Segment Open

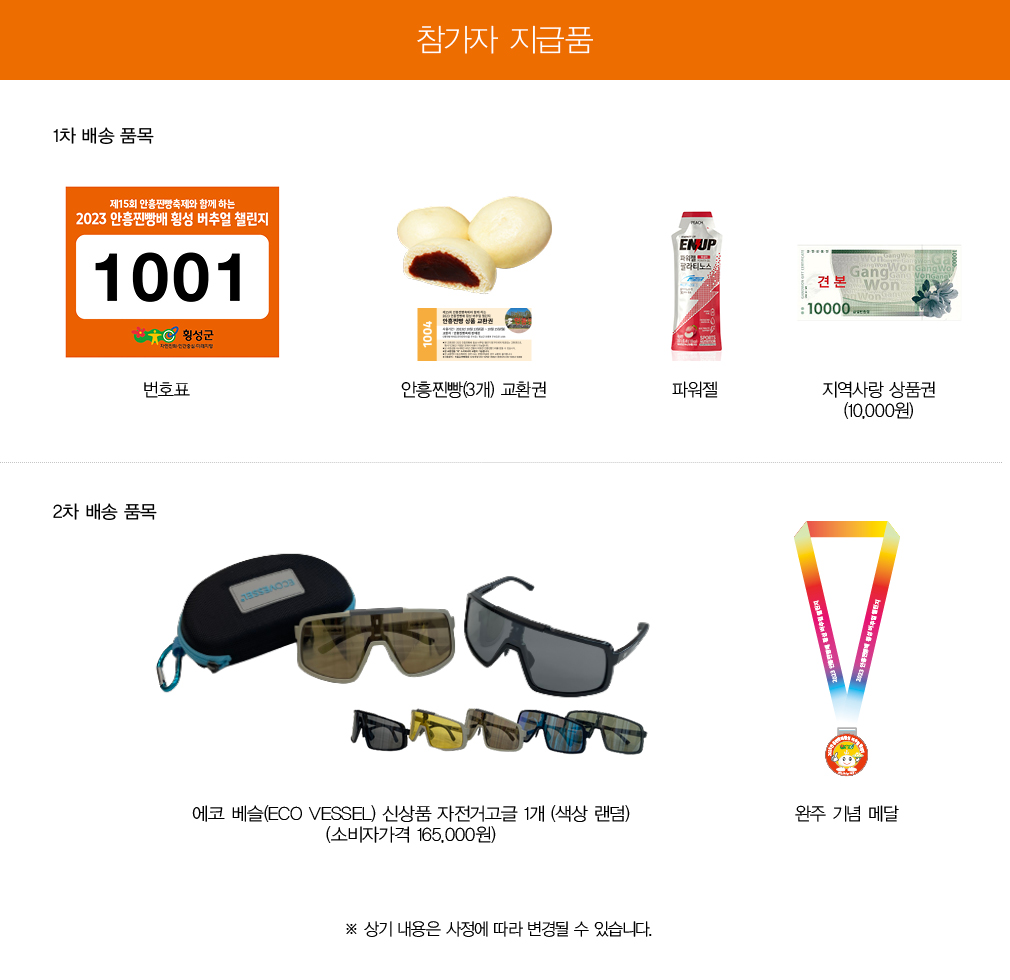 참가자 지급품은 접수하신 주소지로 2차에 나누어 발송합니다.
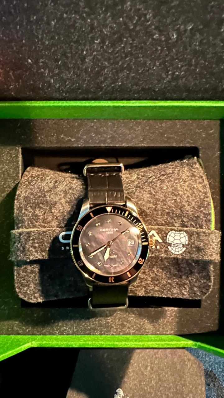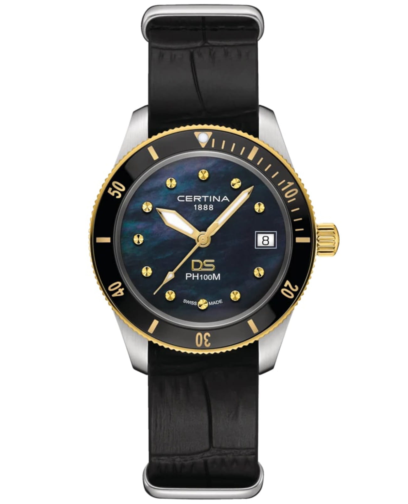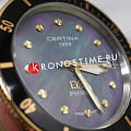 Certina DS PH100M Lady C044.210.26.051.00 – часы для поклонников ярких аксессуаров. Корпус изготовлен из высококачественной нержавеющей стали 316L с . Под твердым сапфировым стекломСапфировое стеклоПрочный и надёжный материал из кристалла сапфира синтетического происхождения, характеризующийся особой твёрдостью и устойчивостью к царапинам и повреждениям. с антибликовым покрытиемАнтибликовое покрытиеСлой оксида металла в 0,13-0,3 микрон, благодаря которому стекло часов не бликует и не отражает свет. Антибликовое покрытие уменьшает отражение света в 10 раз, обеспечивая отличную читаемость показателей циферблата. находится бирюзовый циферблат на котором вы найдете окошко даты в положении 3 часа, а также маркировку, покрытую люминесцентным покрытиемЛюминесцентное покрытиеПозволяет считывать показания времени в темноте. Производители наносят на стрелки, часовые индексы, безель или поверхность циферблата светонакопительный состав, дающий холодное свечение. Super-LumiNova. Класс водозащиты: 100 метров, позволит плавать, нырять и заниматься другими водными видами спорта. Кожаный ремешок. БезельБезельВнешний ободок, закрепляющий стекло. В спортивных часах так называется поворотное кольцо с делениями на циферблате, выполняет роль таймера – замеряет отрезки времени на шкале. Неподвижный безель – элемент декора. Однонаправленно вращающийся безель на дайверских часах позволяет фиксировать моменты погружения и выныривания на поверхность. из нержавеющей стали с PVD-покрытиемPVDУльтратонкое покрытие наносится в технике вакуумного напыления, сочетает в себе нитрид титана особой прочности со слоем золота или оксида хрома. Несёт в себе декоративную или защитную функцию.
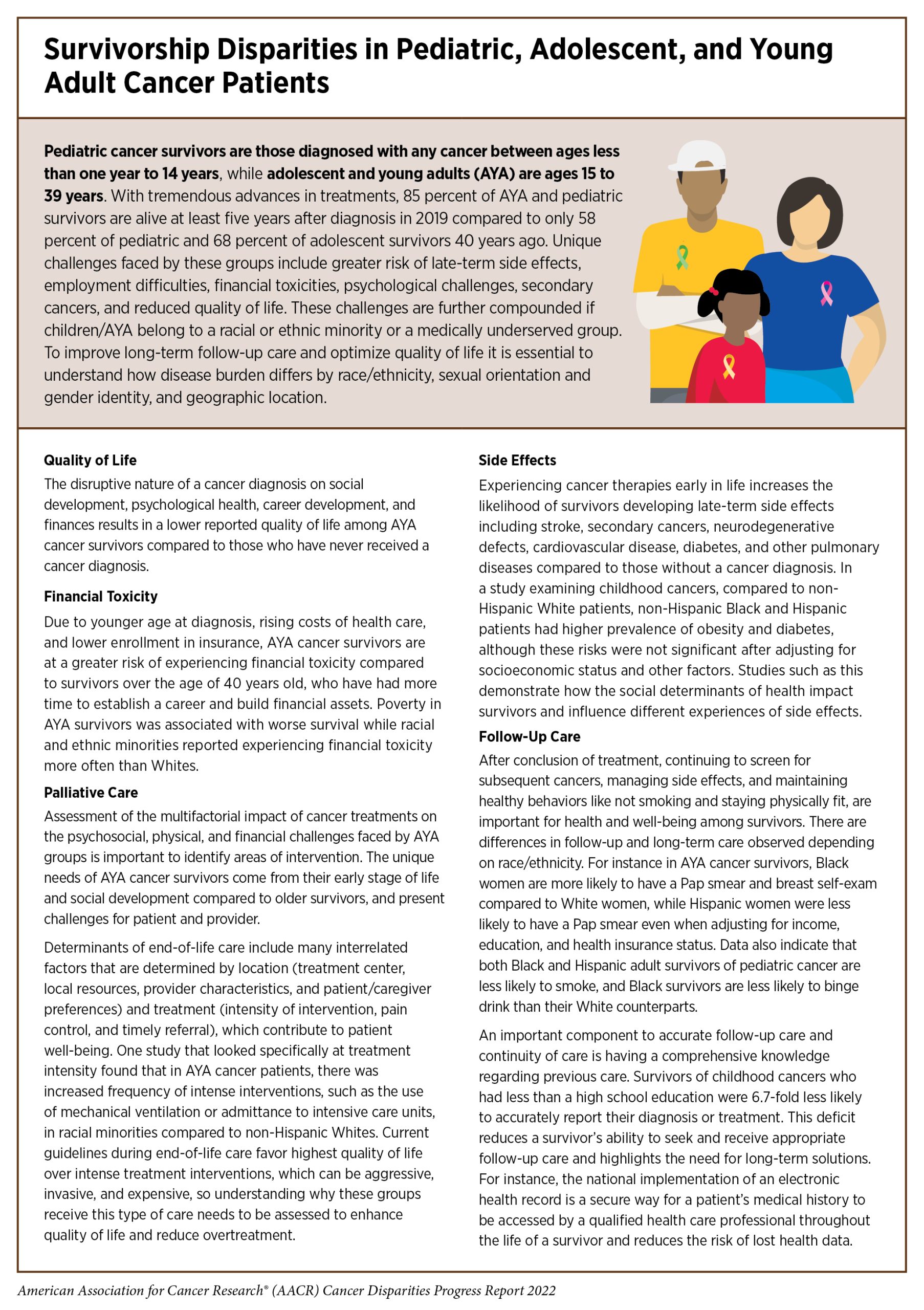 Many barriers exist at the provider level including lack of knowledge of clinical trials; implicit biases among health care providers; lack of dedicated staff to serve minority populations; and lack of cultural competence and appropriate communication skills, among other factors. Patients ages 15 to 39, who are collectively referred to as adolescents and young adults (AYA), are an underserved population who often experience unfavorable cancer outcomes. Cancer is a leading cause of death in this population and AYA patients remain especially vulnerable, given their predisposition to certain cancer types, distinct cancer biology, and unique physical and mental health needs during survivorship (see Survivorship Disparities in Pediatric, Adolescent, and Young Adult Cancer Patients). Recent studies that evaluated the barriers to enrollment of AYA patients identified limited research staff and resources, lack of awareness of available trials among health care staff, and lack of communication between pediatric and medical oncologists as frequent reasons for not enrolling in cancer clinical trials (520)Nupur Mittal A-ML, Wade Kyono, David S. Dickens, Allison Grimes, John M. Salsman, Brad H. Pollock, and Michael Roth. Barriers to Pediatric Oncologist Enrollment of Adolescents and Young Adults on a Cross-Network National Clinical Trials Network Supportive Care Cancer Clinical Trial. Journal of Adolescent and Young Adult Oncology 2022;11:117-21. [LINK NOT AVAILABLE](521)Mittal N, Saha A, Avutu V, Monga V, Freyer DR, Roth M. Shared Barriers and Facilitators to Enrollment of Adolescents and Young Adults on Cancer Clinical Trials. Scientific reports 2022;12:3875. [LINK NOT AVAILABLE]. Implicit biases among heath care staff who are responsible for recruiting patients on clinical trials can contribute to exclusion of minority groups. In a recent study, researchers interviewed 91 individuals (from research staff to cancer center leaders) across five major U.S. cancer centers (522)Niranjan SJ, Martin MY, Fouad MN, Vickers SM, Wenzel JA, Cook ED, et al. Bias and Stereotyping among Research and Clinical Professionals: Perspectives on Minority Recruitment for Oncology Clinical Trials. Cancer 2020;126:1958-68. [LINK NOT AVAILABLE]. Prominent themes from these interviews included perceptions that minority participants are less knowledgeable about clinical trials and therefore more difficult to communicate with; that minorities wouldn’t follow trial protocols; and that race should not be a consideration when recruiting for trials. A framework for addressing such biases is urgently needed, including diversification of the cancer research and care workforce.
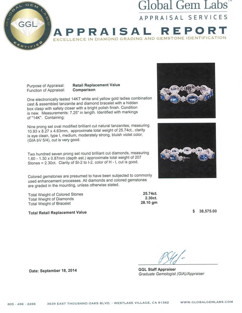 One electronically tested 14KT white and yellow gold ladies combination cast & assembled tanzanite and diamond bracelet with a hidden box clasp with safety closer with a bright polish finish. Measurements: 7.25" in length. Identified with markings of "14K". Condition is new. Containing: Nine prong set oval modified brilliant cut natural tanzanites, measuring 10.93 x 8.27 x 4.63mm, approximate total weight of 25.74ct., clarity is eye clean, type I, medium, moderately strong, bluish violet color, (GIA bV 5/4), cut is very good. Two Hundred Seven prong set round brilliant cut diamonds, measuring 1.60 - 1.30 x 0.87mm (depth est.) approximate total weight of 207 Stones = 2.30ct. Clarity: SI-2 to I-2. Color: H - I, Cut is Good. Colored gemstones are presumed to have been subjected to commonly used enhancement processes. All diamonds and colored gemstones are graded in the mounting, unless otherwise stated. Total Weight of Colored Stones 25.74ct. Total Weight of Diamonds 2.30ct. Total Weight of Bracelet 28.10 grams. GGL Appraised.
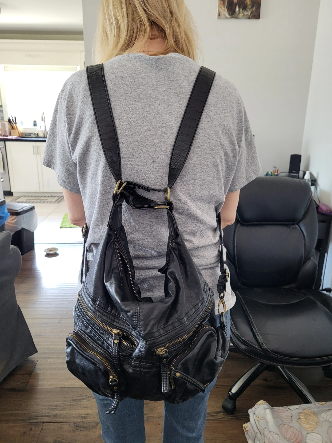 Black Leather Convertible Backpack Purse
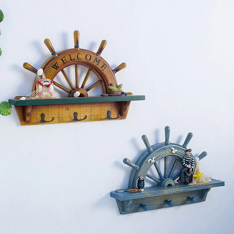 Mediterranean Wooden Rubber Coat Hook Vintage Hanger Hook Home Decoration Accessories Wall Hooks Ho
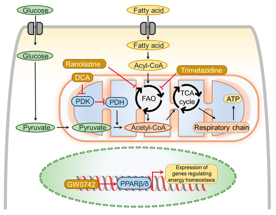 Mechanisms of agents improving metabolic alterations in pulmonary artery banding (PAB)-induced right ventricular (RV) remodeling. Dichloroacetate (DCA) inhibits pyruvate dehydrogenase kinase (PDK), resulting in activation of pyruvate dehydrogenase (PDH), which allows pyruvate to enter the TCA cycle and promote glucose oxidation. While trimetazidine and ranolazine inhibit fatty acid oxidation (FAO), resulting in activation of glucose oxidation, GW0742 activates PPARβ/δ, which mediates the expression of genes regulating metabolic homeostasis. Cumulatively, these agents showed beneficial effects on the RV by improving metabolic changes.
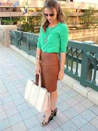 Благодаря разнообразию материалов и фактур, коричневую юбку-карандаш можно использовать не только на работу, но и в обычной жизни, и это будет выглядеть не слишком строго и официально, а наоборот стильно, молодо и красиво.
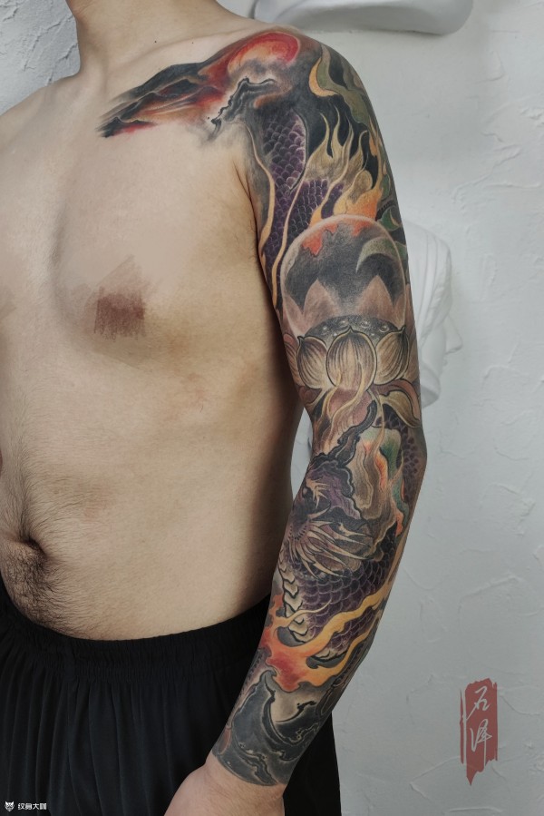 紫麒麟 遮盖 花臂新传统 武汉纹身 原创纹身 纹身遮盖
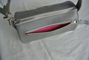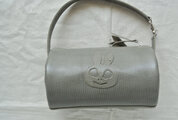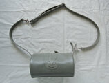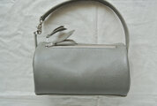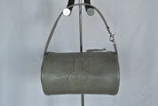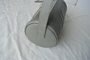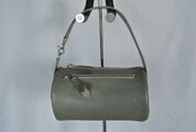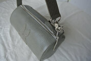 渋いグレーのリザードの型押しの革で作った丸い筒型のショルダーバックです。
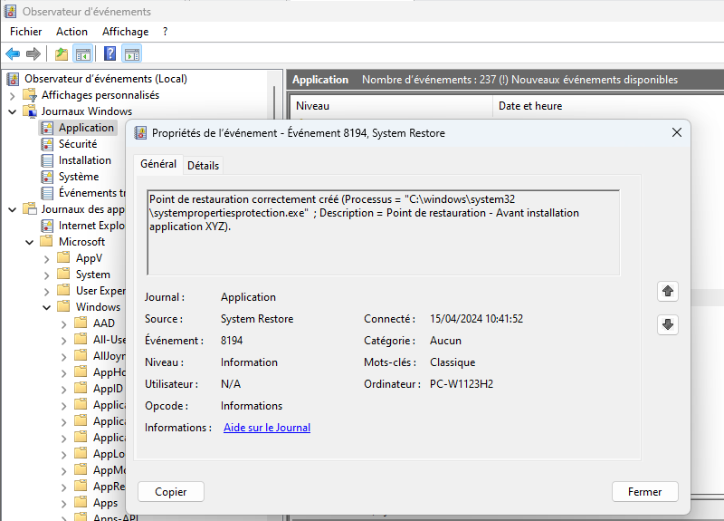 À titre informatif, sachez que cette action crée plusieurs événements visibles dans le journal "Application" de Windows, via l'Observateur d'événements. Ceci permet d'en savoir plus sur le déroulement de l'opération. Lorsqu'un point de restauration est correctement créé, un événement avec l'ID "8194" est ajouté. Voici un exemple :
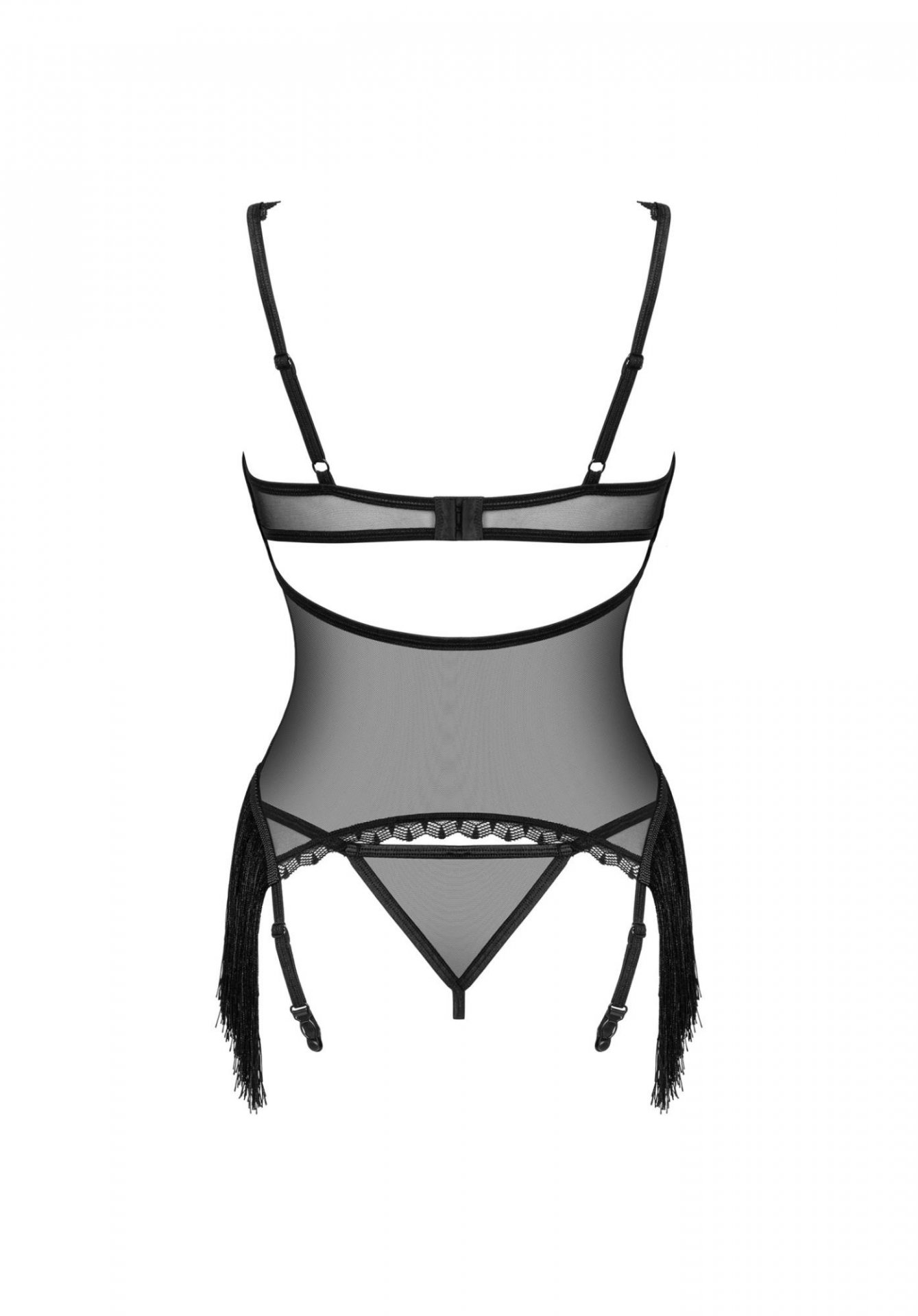 Poznaj więcej szczegółów:- czarny gorset i stringi – idealne dopasowanie dzięki regulowanym ramiączkom i paskom do pończoch- niebanalne detale – przyciągną uwagę- transparenty, miły w dotyku materiał (90% poliamid, 10% elastan)

Segment Closed

* **DESCRIPTION OF THE TASK**:
Each line of the data should be quoted exactly, with pictures left out.

* **REPLY TO THE TASK**:
 참가자 지급품은 접수하신 주소지로 2차에 나누어 발송합니다.
 Certina DS PH100M Lady C044.210.26.051.00 – часы для поклонников ярких аксессуаров. Корпус изготовлен из высококачественной нержавеющей стали 316L с . Под твердым сапфировым стекломСапфировое стеклоПрочный и надёжный материал из кристалла сапфира синтетического происхождения, характеризующийся особой твёрдостью и устойчивостью к царапинам и повреждениям. с антибликовым покрытиемАнтибликовое покрытиеСлой оксида металла в 0,13-0,3 микрон, благодаря которому стекло часов не бликует и не отражает свет. Антибликовое покрытие уменьшает отражение света в 10 раз, обеспечивая отличную читаемость показателей циферблата. находится бирюзовый циферблат на котором вы найдете окошко даты в положении 3 часа, а также маркировку, покрытую люминесцентным покрытиемЛюминесцентное покрытиеПозволяет считывать показания времени в темноте. Производители наносят на стрелки, часовые индексы, безель или поверхность циферблата светонакопительный состав, дающий холодное свечение. Super-LumiNova. Класс водозащиты: 100 метров, позволит плавать, нырять и заниматься другими водными видами спорта. Кожаный ремешок. БезельБезельВнешний ободок, закрепляющий стекло. В спортивных часах так называется поворотное кольцо с делениями на циферблате, выполняет роль таймера – замеряет отрезки времени на шкале. Неподвижный безель – элемент декора. Однонаправленно вращающийся безель на дайверских часах позволяет фиксировать моменты погружения и выныривания на поверхность. из нержавеющей стали с PVD-покрытиемPVDУльтратонкое покрытие наносится в технике вакуумного напыления, сочетает в себе нитрид титана особой прочности со слоем золота или оксида хрома. Несёт в себе декоративную или защитную функцию.
 Many barriers exist at the provider level including lack of knowledge of clinical trials; implicit biases among health care providers; lack of dedicated staff to serve minority populations; and lack of cultural competence and appropriate communication skills, among other factors. Patients ages 15 to 39, who are collectively referred to as adolescents and young adults (AYA), are an underserved population who often experience unfavorable cancer outcomes. Cancer is a leading cause of death in this population and AYA patients remain especially vulnerable, given their predisposition to certain cancer types, distinct cancer biology, and unique physical and mental health needs during survivorship (see Survivorship Disparities in Pediatric, Adolescent, and Young Adult Cancer Patients). Recent studies that evaluated the barriers to enrollment of AYA patients identified limited research staff and resources, lack of awareness of available trials among health care staff, and lack of communication between pediatric and medical oncologists as frequent reasons for not enrolling in cancer clinical trials (520)Nupur Mittal A-ML, Wade Kyono, David S. Dickens, Allison Grimes, John M. Salsman, Brad H. Pollock, and Michael Roth. Barriers to Pediatric Oncologist Enrollment of Adolescents and Young Adults on a Cross-Network National Clinical Trials Network Supportive Care Cancer Clinical Trial. Journal of Adolescent and Young Adult Oncology 2022;11:117-21. [LINK NOT AVAILABLE](521)Mittal N, Saha A, Avutu V, Monga V, Freyer DR, Roth M. Shared Barriers and Facilitators to Enrollment of Adolescents and Young Adults on Cancer Clinical Trials. Scientific reports 2022;12:3875. [LINK NOT AVAILABLE]. Implicit biases among heath care staff who are responsible for recruiting patients on clinical trials can contribute to exclusion of minority groups. In a recent study, researchers interviewed 91 individuals (from research staff to cancer center leaders) across five major U.S. cancer centers (522)Niranjan SJ, Martin MY, Fouad MN, Vickers SM, Wenzel JA, Cook ED, et al. Bias and Stereotyping among Research and Clinical Professionals: Perspectives on Minority Recruitment for Oncology Clinical Trials. Cancer 2020;126:1958-68. [LINK NOT AVAILABLE]. Prominent themes from these interviews included perceptions that minority participants are less knowledgeable about clinical trials and therefore more difficult to communicate with; that minorities wouldn’t follow trial protocols; and that race should not be a consideration when recruiting for trials. A framework for addressing such biases is urgently needed, including diversification of the cancer research and care workforce.
 One electronically tested 14KT white and yellow gold ladies combination cast & assembled tanzanite and diamond bracelet with a hidden box clasp with safety closer with a bright polish finish. Measurements: 7.25" in length. Identified with markings of "14K". Condition is new. Containing: Nine prong set oval modified brilliant cut natural tanzanites, measuring 10.93 x 8.27 x 4.63mm, approximate total weight of 25.74ct., clarity is eye clean, type I, medium, moderately strong, bluish violet color, (GIA bV 5/4), cut is very good. Two Hundred Seven prong set round brilliant cut diamonds, measuring 1.60 - 1.30 x 0.87mm (depth est.) approximate total weight of 207 Stones = 2.30ct. Clarity: SI-2 to I-2. Color: H - I, Cut is Good. Colored gemstones are presumed to have been subjected to commonly used enhancement processes. All diamonds and colored gemstones are graded in the mounting, unless otherwise stated. Total Weight of Colored Stones 25.74ct. Total Weight of Diamonds 2.30ct. Total Weight of Bracelet 28.10 grams. GGL Appraised.
 Black Leather Convertible Backpack Purse
 Mediterranean Wooden Rubber Coat Hook Vintage Hanger Hook Home Decoration Accessories Wall Hooks Ho
 Mechanisms of agents improving metabolic alterations in pulmonary artery banding (PAB)-induced right ventricular (RV) remodeling. Dichloroacetate (DCA) inhibits pyruvate dehydrogenase kinase (PDK), resulting in activation of pyruvate dehydrogenase (PDH), which allows pyruvate to enter the TCA cycle and promote glucose oxidation. While trimetazidine and ranolazine inhibit fatty acid oxidation (FAO), resulting in activation of glucose oxidation, GW0742 activates PPARβ/δ, which mediates the expression of genes regulating metabolic homeostasis. Cumulatively, these agents showed beneficial effects on the RV by improving metabolic changes.
 Благодаря разнообразию материалов и фактур, коричневую юбку-карандаш можно использовать не только на работу, но и в обычной жизни, и это будет выглядеть не слишком строго и официально, а наоборот стильно, молодо и красиво.
 紫麒麟 遮盖 花臂新传统 武汉纹身 原创纹身 纹身遮盖
 渋いグレーのリザードの型押しの革で作った丸い筒型のショルダーバックです。
 À titre informatif, sachez que cette action crée plusieurs événements visibles dans le journal "Application" de Windows, via l'Observateur d'événements. Ceci permet d'en savoir plus sur le déroulement de l'opération. Lorsqu'un point de restauration est correctement créé, un événement avec l'ID "8194" est ajouté. Voici un exemple :
 Poznaj więcej szczegółów:- czarny gorset i stringi – idealne dopasowanie dzięki regulowanym ramiączkom i paskom do pończoch- niebanalne detale – przyciągną uwagę- transparenty, miły w dotyku materiał (90% poliamid, 10% elastan)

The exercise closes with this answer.